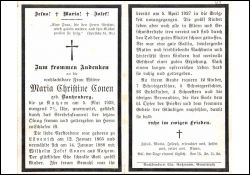 ∞ 14.1.1888 Wilhelm Josef Conen aus Katzem, † 5.4.1927; 12 K.; Druck in Granterath |
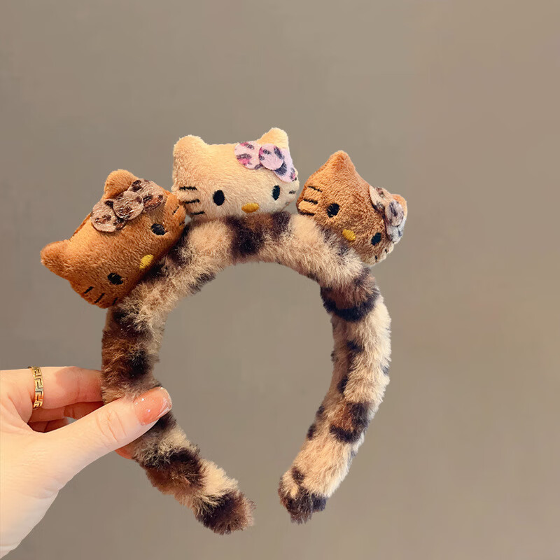 Jianla face wash special headband for women 2026 new autumn and winter cute bear headband hairband hairpin hair accessories plush headwear No. 100 kitty headband yellow leopard pattern A21-307
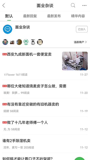 3、在首页点击面业杂谈,可以查看行业资讯。
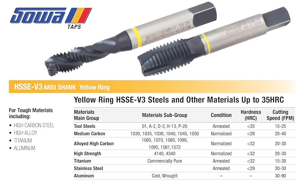 أداة Sowa Tool M30 x 3.5mm حنفية لولبية - HSSE-V3، حلقة صفراء، خيط متري، أداء عالي للسبائك والفولاذ المقاوم للصدأ، صنبور آلي للفتحات
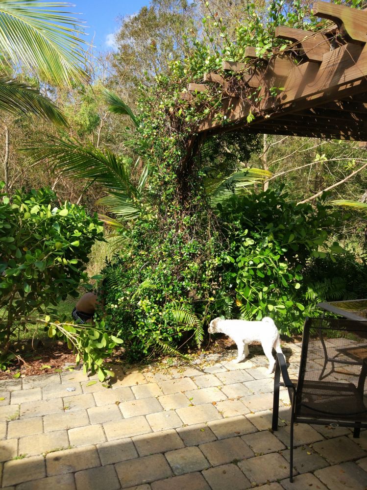 正在煮饭的时候,狗儿子一阵狂躁。 隔着玻璃望出去, 就看到一只硕大的螃蟹, 左举盾右举矛,从远远的后墙向着deck遥遥逼近。 还真是名副其实地横着走!
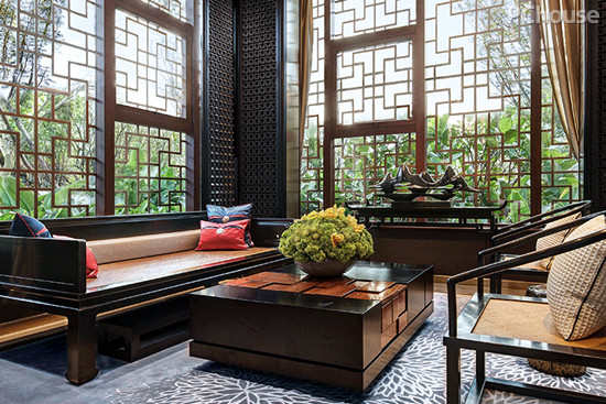 阳光幽幽穿过丛丛绿意的庭院,在简式的传统家具上斑驳跳跃。瓷的白净,檀木的香,丝绸的柔,挂画的壮丽,古雅高贵的气韵于此应运而生。
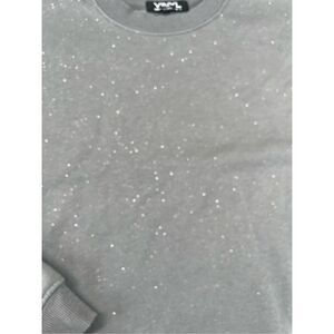 Cozy and cute gray pullover sweatshirt featuring an allover glittery shimmer for a subtle pop. This cropped, relaxed-fit piece is perfect for minimalist or elevated loungewear looks. Soft and comfortable for casual wear or layering. Please see photos for measurements.
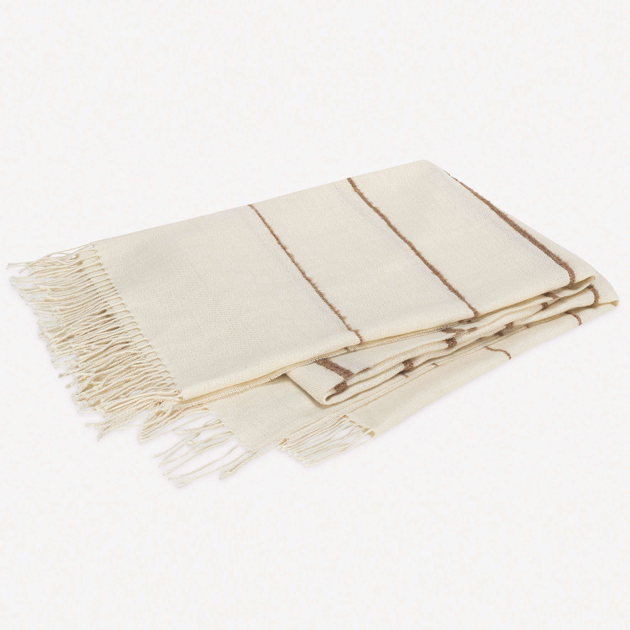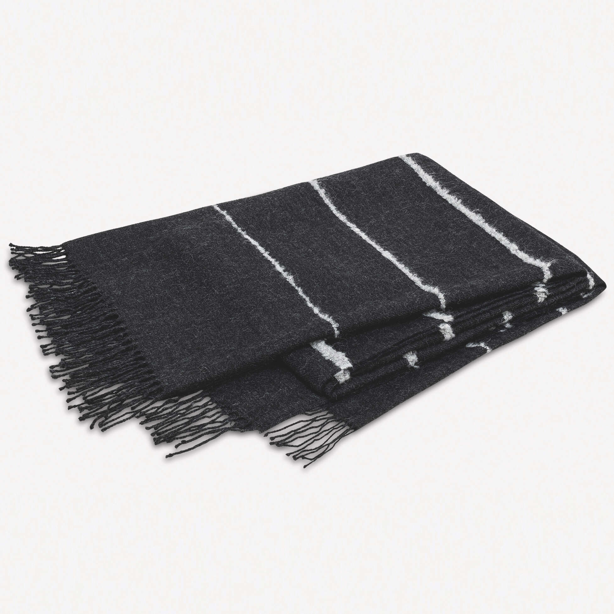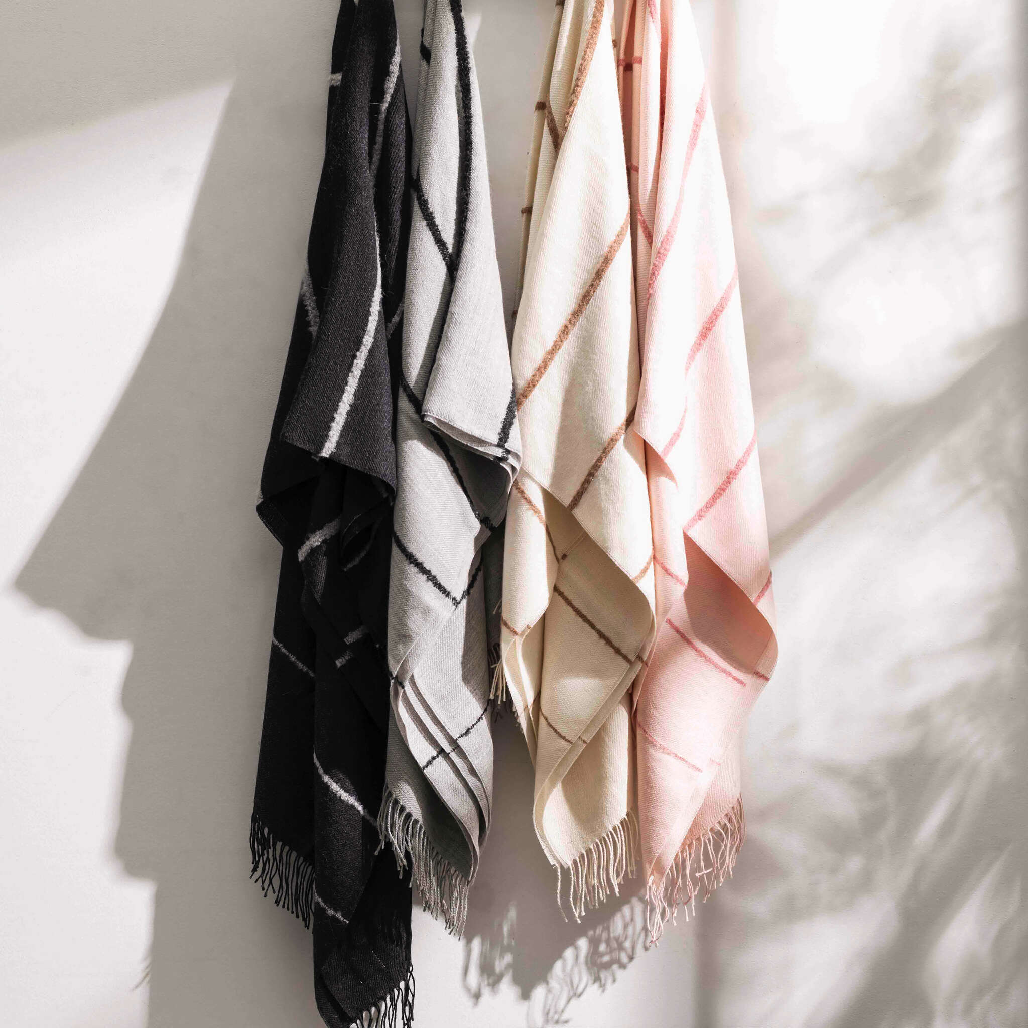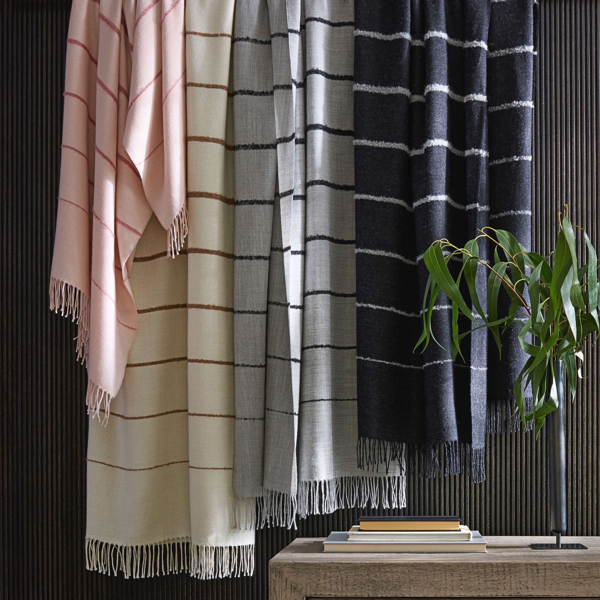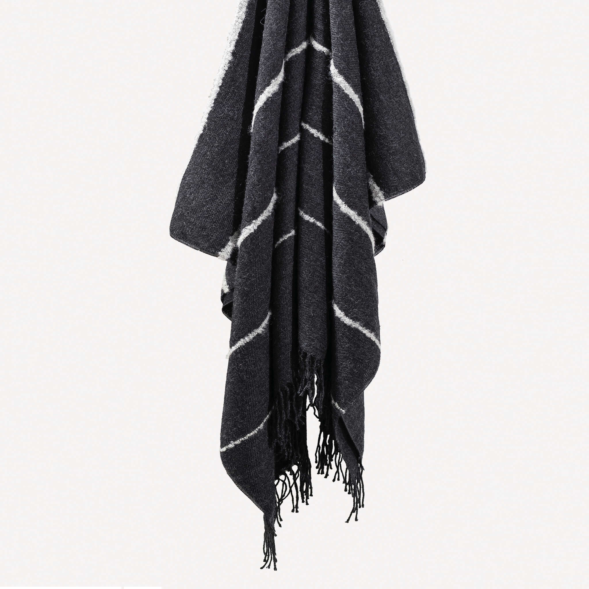 A luxe travel wrap, our Amelia Stripe throw is a versatile piece to wear on airplanes or anywhere you need an extra layer of warmth. This baby alpaca style features bouclé striping in a basketweave pattern and fringe detailing along its edge.
☆ ☆ ☆ ☆ ☆
Work item
Pictures do not belong in the answer. Return the lines above starting at the one with "أداة Sowa Tool" and ending at the one with "阳光幽幽穿过丛丛绿意的庭院,在简式的传统", both kept, exactly.

Answer box
 أداة Sowa Tool M30 x 3.5mm حنفية لولبية - HSSE-V3، حلقة صفراء، خيط متري، أداء عالي للسبائك والفولاذ المقاوم للصدأ، صنبور آلي للفتحات
 正在煮饭的时候,狗儿子一阵狂躁。 隔着玻璃望出去, 就看到一只硕大的螃蟹, 左举盾右举矛,从远远的后墙向着deck遥遥逼近。 还真是名副其实地横着走!
 阳光幽幽穿过丛丛绿意的庭院,在简式的传统家具上斑驳跳跃。瓷的白净,檀木的香,丝绸的柔,挂画的壮丽,古雅高贵的气韵于此应运而生。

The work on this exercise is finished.